К концу сезона театры начали вырабатывать свои планы на будущую зиму. Оставшееся после смерти Л. Н. Толстого литературное наследство должно было внести в эти планы значительный вклад. Драматические театры были заинтересованы драмой «Живой труп», право первой постановки которой приобрел Московский Художественный театр. «Живой труп» должен был идти и в Александринском театре. Его поручили ставить В. Э. Мейерхольду вместе с новым режиссером А. Л. Загаровым, работавшим у Мейерхольда еще в «Товариществе новой драмы». Кроме «Живого трупа» Мейерхольд должен был поставить «Маскарад» и закончить постановку «Орфея» на Мариинской сцене.

Срочность работ, связанных с «Живым трупом», и «Маскарад» заставили Мейерхольда отказаться от летнего отдыха и провести лето в Петербурге. Это петербургское лето мы и проследим в следующей главе по письмам Мейерхольда.

 V  Петербургское лето
1911

Работа над «Живым трупом». — В. Пяст. — Проект балета «Лейла и Алалей». — Проект оперы «Ланваль». — В. Бебутов. — На даче у А. Я. Головина. — Разработка планов «Маскарада». — В лермонтовском и интендантском музеях. — Байрон. — Совещание по поводу «Орфея». — План издания «Театральных листков». — Статья «Русские драматурги». — Интервью о «Маскараде». — Поездка в Москву за материалами для «Живого трупа». — Статья-беседа «Новые пути». — «Поправка» В. Бебутова о «гротеске». — Новые имена. — Заграничные новости. — Передвижной театр Ф. Жемье. — Первый съезд кинематографических деятелей. — А. Блок о лете 1911 года.

С середины мая 1911 года Мейерхольд с головой уходит в срочную работу, сначала по подготовке «Живого трупа», а потом «Маскарада».

Над монтировкой «Живого трупа» Мейерхольд работает вместе с А. А. Загаровым.

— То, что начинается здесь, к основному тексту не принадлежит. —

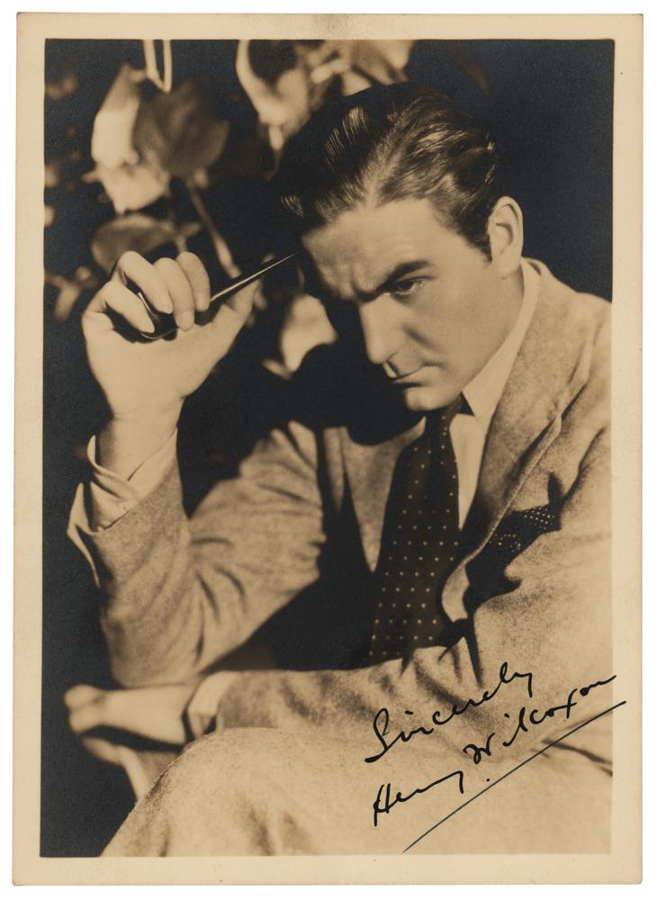 Actor (1905-1984) celebrated as a leading man in many of Cecil B. DeMille's films, but perhaps best known to modern audiences as the golfer-turned-atheist Bishop Pickering in the 1980 comedy classic Caddyshack. Vintage matte-finish 5 x 7 photo of Wilcoxon in a pensive pose, boldly signed in fountain pen, "Sincerely, Henry Wilcoxon." In fine condition, with silvering to dark areas of the image.
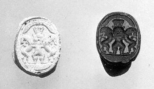 - Title: Scarab seal with Bes dominating two lions below a winged sun disc
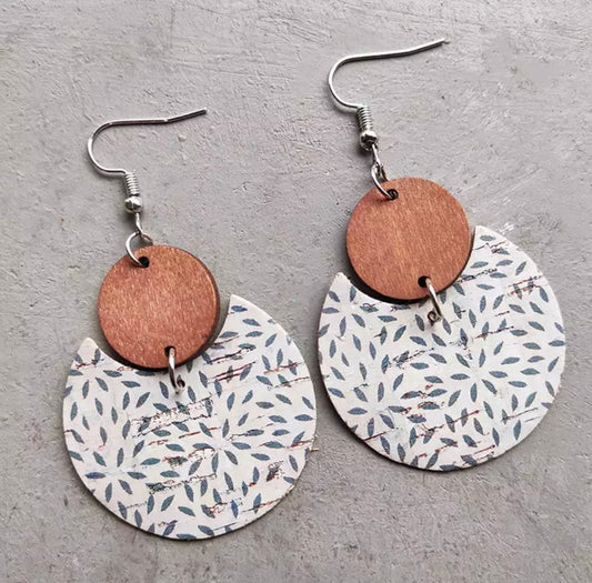 Round White and Blue Wood and Cork Earrings
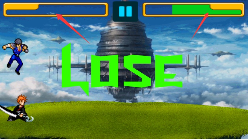 4、注意观察上方血条状态实时变化,当生命值归零时即宣告本局对战失败结束。
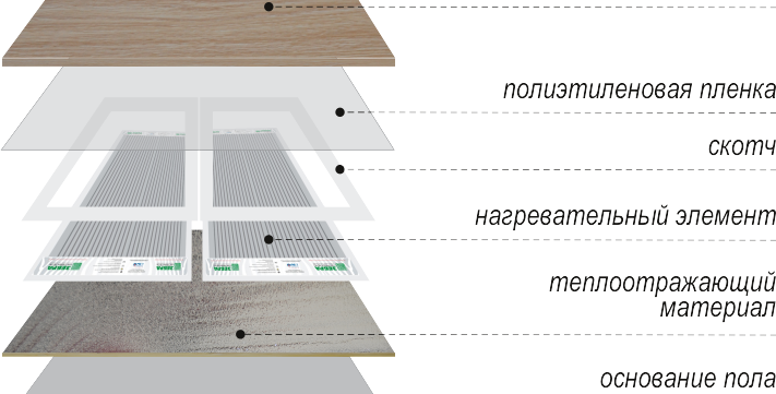 Dymsco 0510. Il a une épaisseur insignifiante de 275 microns et une puissance suffisante - 140 W / m2. Dans la production, une technologie unique a été utilisée, qui inclut une feuille stratifiée de polymère dans la composition du film, sur laquelle une pâte de carbone capable de conduire le courant est appliquée. Mais dans une plus large mesure, cette option convient comme source de chaleur supplémentaire dans la pièce.
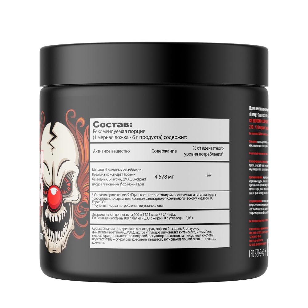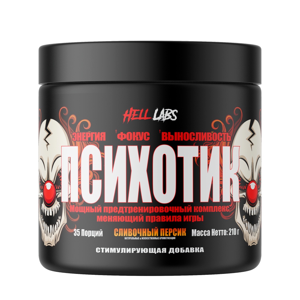 Предтренировочный комплекс Psychotic - даёт мощный выброс энергии, фокусировки и эйфории в течении 3 часов.
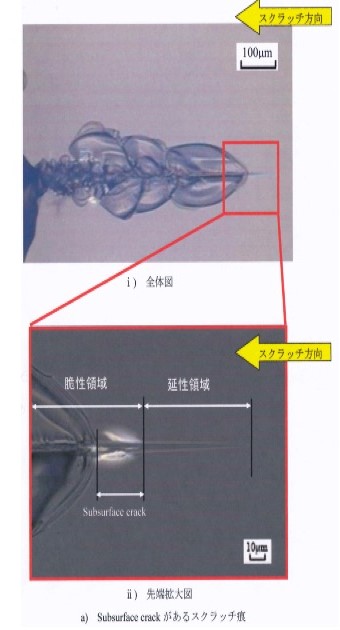 いることが認められる。同図ⅱ) の加工痕の拡大写真からもわかるように加工痕の形状から一見延性モード領域とみなされても、加工痕下にsubsurface crackが存在している部分が一部で認められる。通常の研削加工やラッピング等では、加工面表面粗さの5、6倍程度の深さまで表面層にクラックが生成されている[7]と言われており、同図のように加工痕から延性モードと一旦判断されてもこのsubsurface crackの存在に対して注意しなくてはならない。
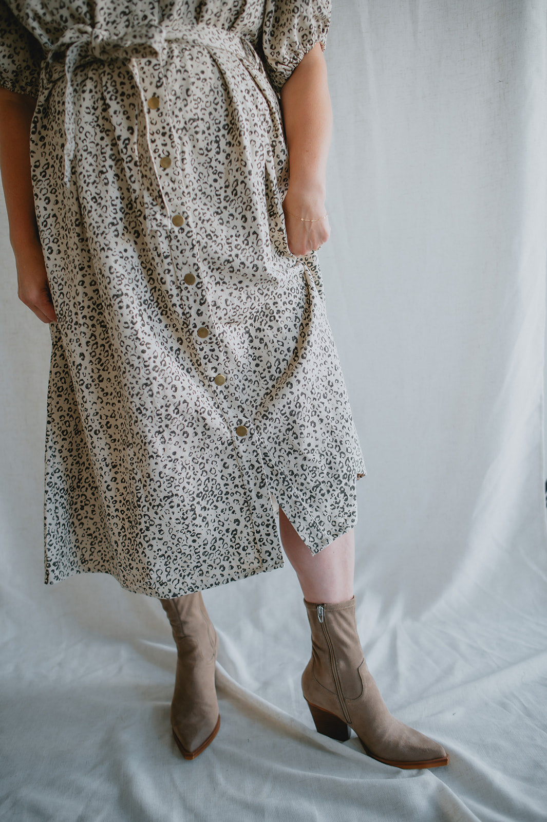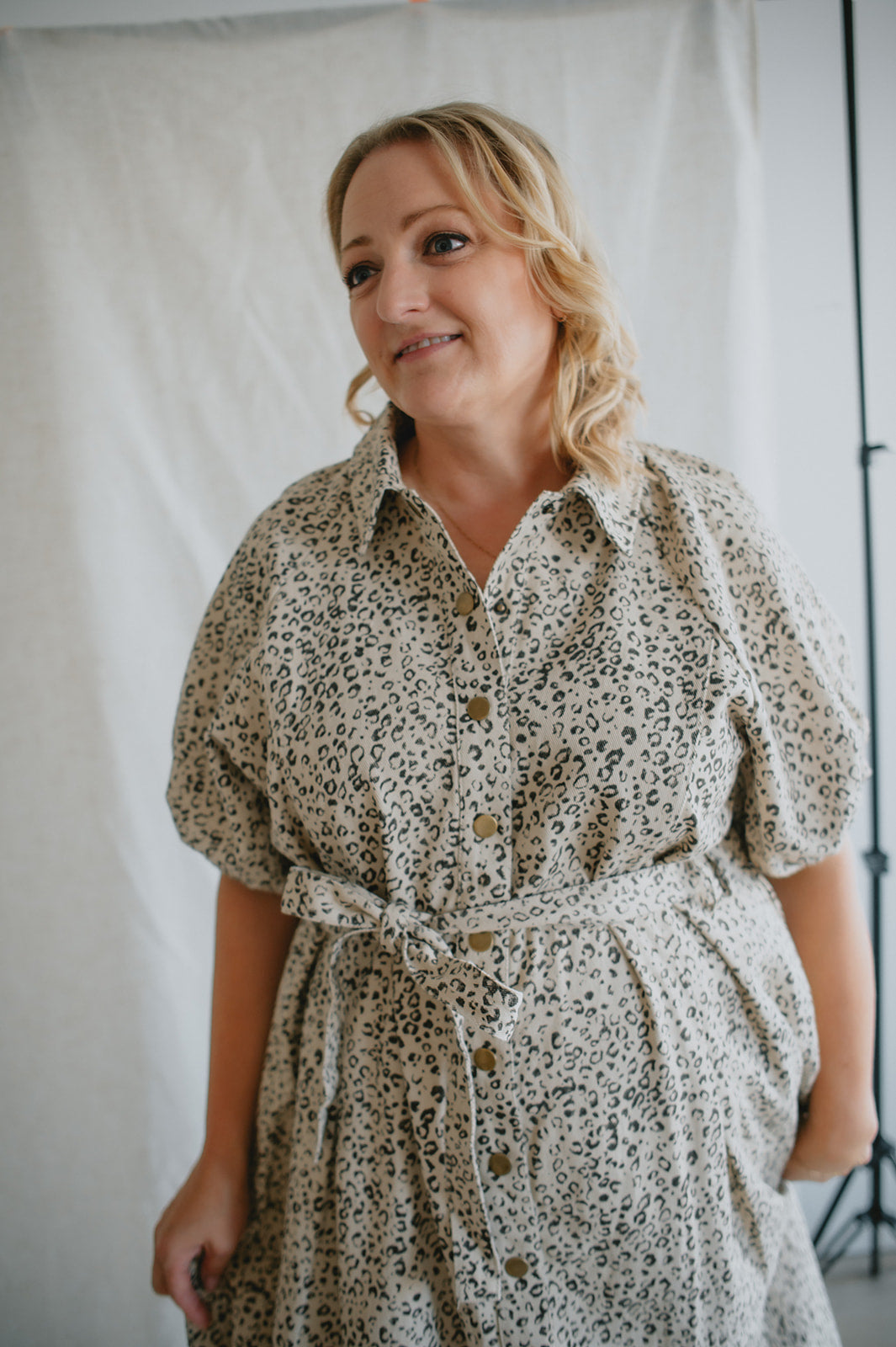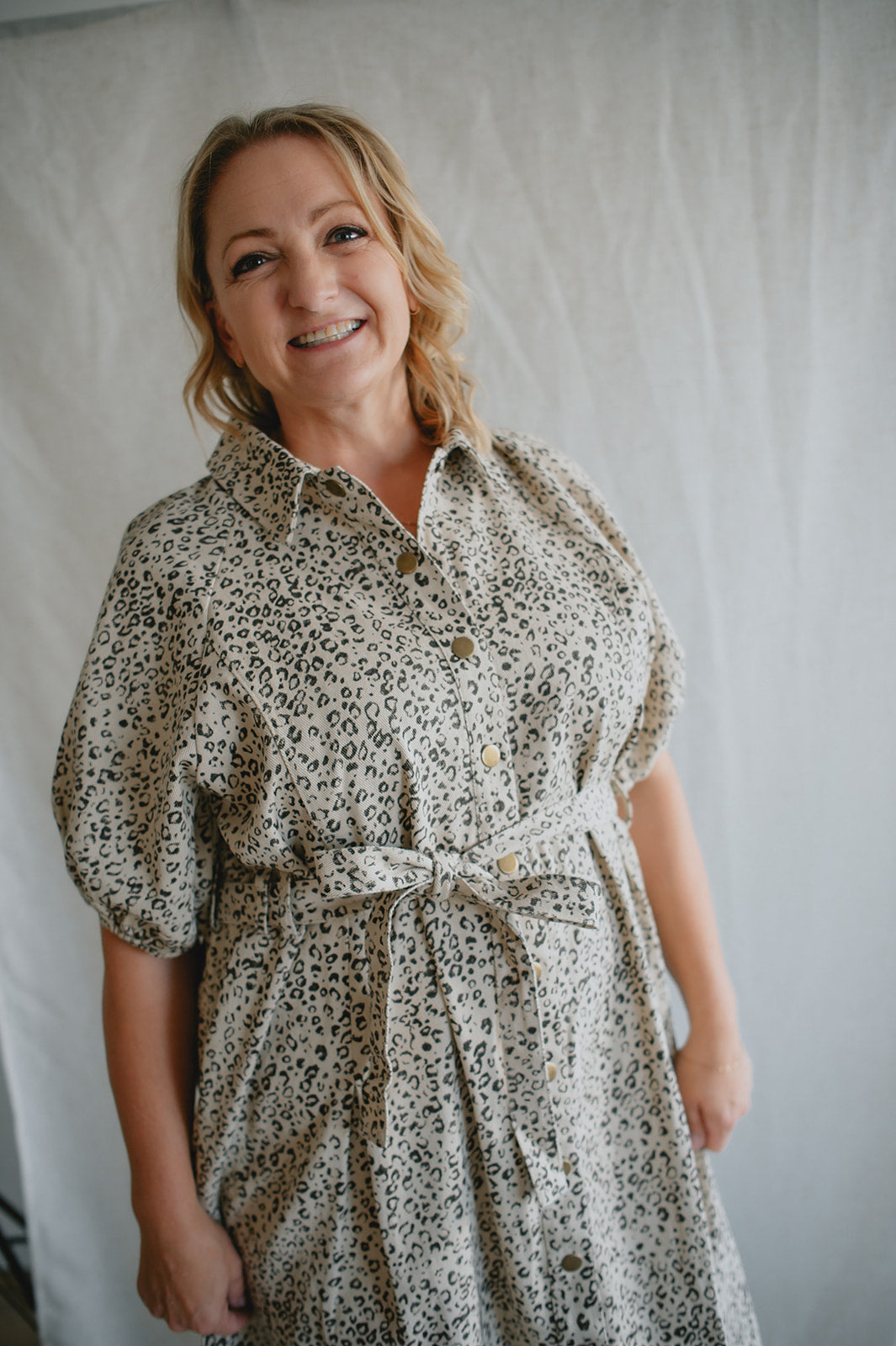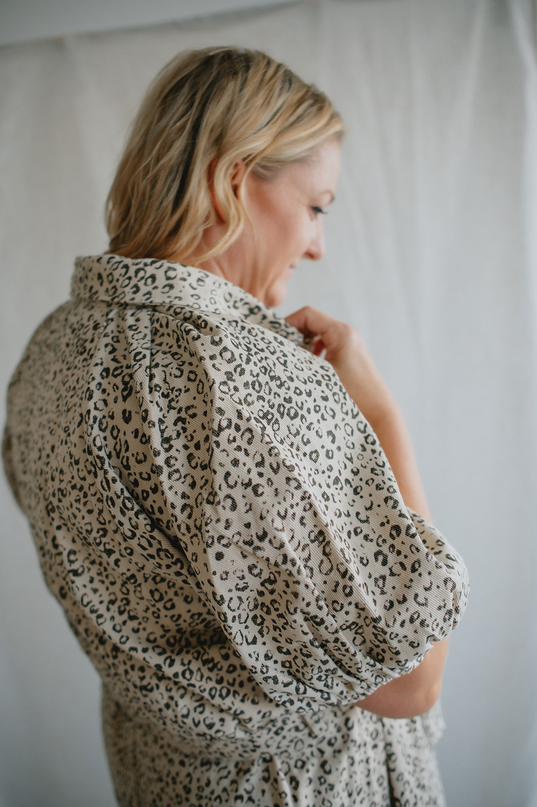 Make a bold statement with this effortlessly chic leopard print midi dress. Designed with a structured collared neckline and a full button-down front, it blends classic shirting details with standout style. A self-tie waist cinches the silhouette for a flattering, customizable fit, while elasticated sleeve cuffs add soft volume and comfort.

В письме от 21‑го мая Мейерхольд о своем сотрудничестве с Загаровым пишет:

Он приятный сотрудник, когда оглянешься, как много сделано. Но вот только тянется как-то работа, тянется как «тянушка» из кондитерской. Я иначе люблю работать, хотя и с кейфом. Кейф, впрочем, в нашей работе чудесно действует на нервы.

И дальше:

Бабушка разложила пасьянс. Бабушка — это я и Загаров; один я мало похож на бабушку, один Загаров тоже. Надо было нас сложить, чтобы получить бабушку. Бабушка — это режиссер (я плюс Загаров) пьесы «Живой труп». Бабушка разложила пасьянс, пришел кот, швырнул лапкой и спутал пасьянс. Что пасьянс? Наша работа. Кто кот? Борис [Б. К. Пронин].